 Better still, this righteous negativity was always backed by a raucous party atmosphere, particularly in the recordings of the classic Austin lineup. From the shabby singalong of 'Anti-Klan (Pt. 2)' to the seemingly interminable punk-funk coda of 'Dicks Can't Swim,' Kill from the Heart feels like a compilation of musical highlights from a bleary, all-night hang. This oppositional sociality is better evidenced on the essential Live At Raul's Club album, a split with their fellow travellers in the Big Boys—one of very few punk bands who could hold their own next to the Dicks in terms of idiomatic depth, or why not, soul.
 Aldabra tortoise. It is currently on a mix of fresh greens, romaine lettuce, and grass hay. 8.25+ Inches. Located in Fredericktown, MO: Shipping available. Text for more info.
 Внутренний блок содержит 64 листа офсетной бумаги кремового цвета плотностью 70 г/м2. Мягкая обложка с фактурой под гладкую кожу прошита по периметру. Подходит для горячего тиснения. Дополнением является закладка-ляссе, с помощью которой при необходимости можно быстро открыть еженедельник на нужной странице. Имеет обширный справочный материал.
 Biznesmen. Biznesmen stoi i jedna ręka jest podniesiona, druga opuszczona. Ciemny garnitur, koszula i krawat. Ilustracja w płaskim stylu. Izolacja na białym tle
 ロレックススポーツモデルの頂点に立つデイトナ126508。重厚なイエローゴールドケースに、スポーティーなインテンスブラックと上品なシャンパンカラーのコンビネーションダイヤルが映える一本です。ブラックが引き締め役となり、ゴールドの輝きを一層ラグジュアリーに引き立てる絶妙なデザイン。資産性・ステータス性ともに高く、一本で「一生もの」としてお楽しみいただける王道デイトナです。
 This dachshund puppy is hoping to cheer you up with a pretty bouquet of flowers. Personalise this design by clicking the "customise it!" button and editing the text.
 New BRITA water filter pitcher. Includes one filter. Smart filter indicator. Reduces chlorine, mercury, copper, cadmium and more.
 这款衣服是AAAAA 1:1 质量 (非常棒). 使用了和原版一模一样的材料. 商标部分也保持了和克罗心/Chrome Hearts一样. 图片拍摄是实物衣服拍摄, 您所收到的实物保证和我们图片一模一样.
* * * *
Problem statement
What is needed is the full listing, reproduced exactly.

Task output
 Better still, this righteous negativity was always backed by a raucous party atmosphere, particularly in the recordings of the classic Austin lineup. From the shabby singalong of 'Anti-Klan (Pt. 2)' to the seemingly interminable punk-funk coda of 'Dicks Can't Swim,' Kill from the Heart feels like a compilation of musical highlights from a bleary, all-night hang. This oppositional sociality is better evidenced on the essential Live At Raul's Club album, a split with their fellow travellers in the Big Boys—one of very few punk bands who could hold their own next to the Dicks in terms of idiomatic depth, or why not, soul.
 Aldabra tortoise. It is currently on a mix of fresh greens, romaine lettuce, and grass hay. 8.25+ Inches. Located in Fredericktown, MO: Shipping available. Text for more info.
 Внутренний блок содержит 64 листа офсетной бумаги кремового цвета плотностью 70 г/м2. Мягкая обложка с фактурой под гладкую кожу прошита по периметру. Подходит для горячего тиснения. Дополнением является закладка-ляссе, с помощью которой при необходимости можно быстро открыть еженедельник на нужной странице. Имеет обширный справочный материал.
 Biznesmen. Biznesmen stoi i jedna ręka jest podniesiona, druga opuszczona. Ciemny garnitur, koszula i krawat. Ilustracja w płaskim stylu. Izolacja na białym tle
 ロレックススポーツモデルの頂点に立つデイトナ126508。重厚なイエローゴールドケースに、スポーティーなインテンスブラックと上品なシャンパンカラーのコンビネーションダイヤルが映える一本です。ブラックが引き締め役となり、ゴールドの輝きを一層ラグジュアリーに引き立てる絶妙なデザイン。資産性・ステータス性ともに高く、一本で「一生もの」としてお楽しみいただける王道デイトナです。
 This dachshund puppy is hoping to cheer you up with a pretty bouquet of flowers. Personalise this design by clicking the "customise it!" button and editing the text.
 New BRITA water filter pitcher. Includes one filter. Smart filter indicator. Reduces chlorine, mercury, copper, cadmium and more.
 这款衣服是AAAAA 1:1 质量 (非常棒). 使用了和原版一模一样的材料. 商标部分也保持了和克罗心/Chrome Hearts一样. 图片拍摄是实物衣服拍摄, 您所收到的实物保证和我们图片一模一样.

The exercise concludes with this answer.